Memory size terms in the Alpha AXP instruction set are byte, word (two bytes), longword (four bytes), and quadword (eight bytes).¹ In casual conversation, longword and quadword are usually shortened long and quad.

The Alpha AXP defines certain groups of instructions which are optional, such as floating point. If you perform an instruction which is not implemented by the processor, the instruction will trap into the kernel, and the kernel is expected to emulate the missing instruction, and then resume execution.

Registers

There are 32 integer registers, all 64 bits wide. Formally, they are known by the names r0 through r31, but Win32 assigns them the following mnemonics which correspond to their use in the Win32 calling convention.

Register	Mnemonic	Meaning	Preserved?	Notes
`r0`	`v0`	value	No	On function exit, contains the return value.
`r1`…`r8`	`t0`…`t7`	temporary	No
`r9`…`r14`	`s0`…`s5`	saved	Yes
`r15`	`fp`	frame pointer	Yes	For functions with variable-sized stacks.
`r16`…`r21`	`a0`…`a5`	argument	No	On function entry, contains function parameters.
`r22`…`r25`	`t8`…`t11`	temporary	No
`r26`	`ra`	return address	Not normally
`r27`	`t12`	temporary	No
`r28`	`at`	assembler temporary	Volatile	Long jump assist.
`r29`	`gp`	global pointer	Special	Not used by 32-bit code.
`r30`	`sp`	stack pointer	Yes
`r31`	`zero`	reads as zero	N/A	Writes are ignored.

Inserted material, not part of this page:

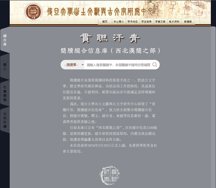 爲(wèi)全面總結(jié)簡牘綴合成果、進(jìn)一步推動(dòng)簡牘材料整合和學(xué)科發(fā)展,在復(fù)旦大學(xué)出土文獻(xiàn)與古文字研究中心的規(guī)劃和支持下,“貫聯(lián)汗青:簡牘綴合信息庫(西北漢簡之部)”(網(wǎng)址:http://itcscarpellini.com/GuanLianHanQing/Home)依托復(fù)旦大學(xué)出土文獻(xiàn)與古文字研究中心網(wǎng)站正式發(fā)布。
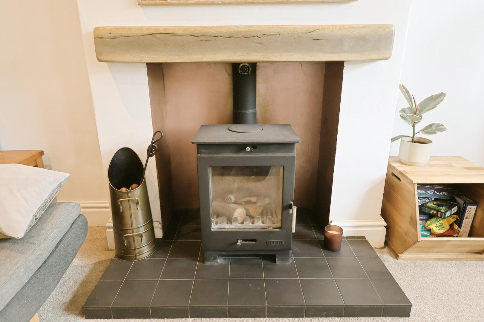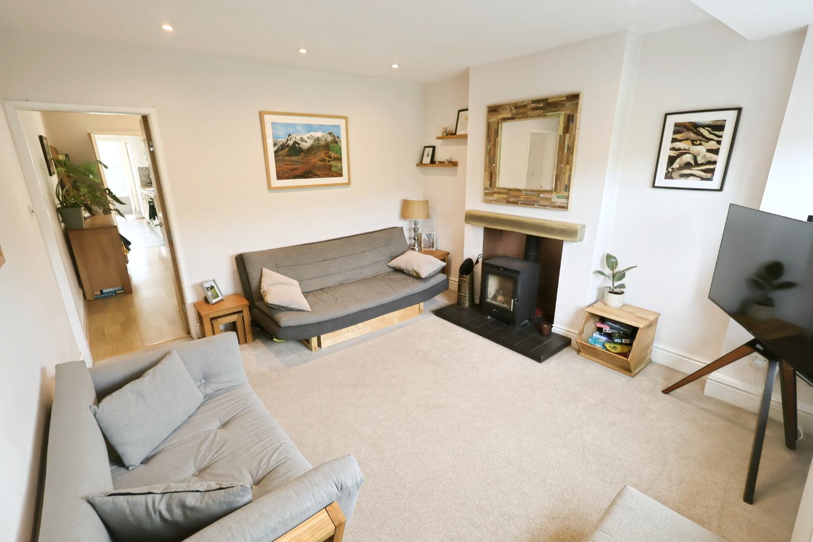 The property is entered via a composite opaque double-glazed front door, opening into the living room. This space features a UPVC double-glazed window to the front elevation with a radiator beneath, recessed ceiling downlights, and a cast-iron log burner set beneath a ceramic log-effect mantel on a black quarry tile hearth. A light oak veneer door leads through to the dining room.

The zero register reads as zero, and writes to it are ignored. But it goes further than that: If you specify zero as the destination register for an instruction, the entire instruction may be optimized out by the processor! This means that any side effects may or may not occur. There are a few exceptions to this rule:

Branch instructions are never optimized out. If a branch instructions specifies zero as the register to receive the return address, the branch is still taken, but the return address is thrown away.
Load instructions are always optimized out. If a load instruction specifies zero as the destination register, the processor will never raise an exception. Instead, these “phantom loads” are used as prefetch hints to the processor.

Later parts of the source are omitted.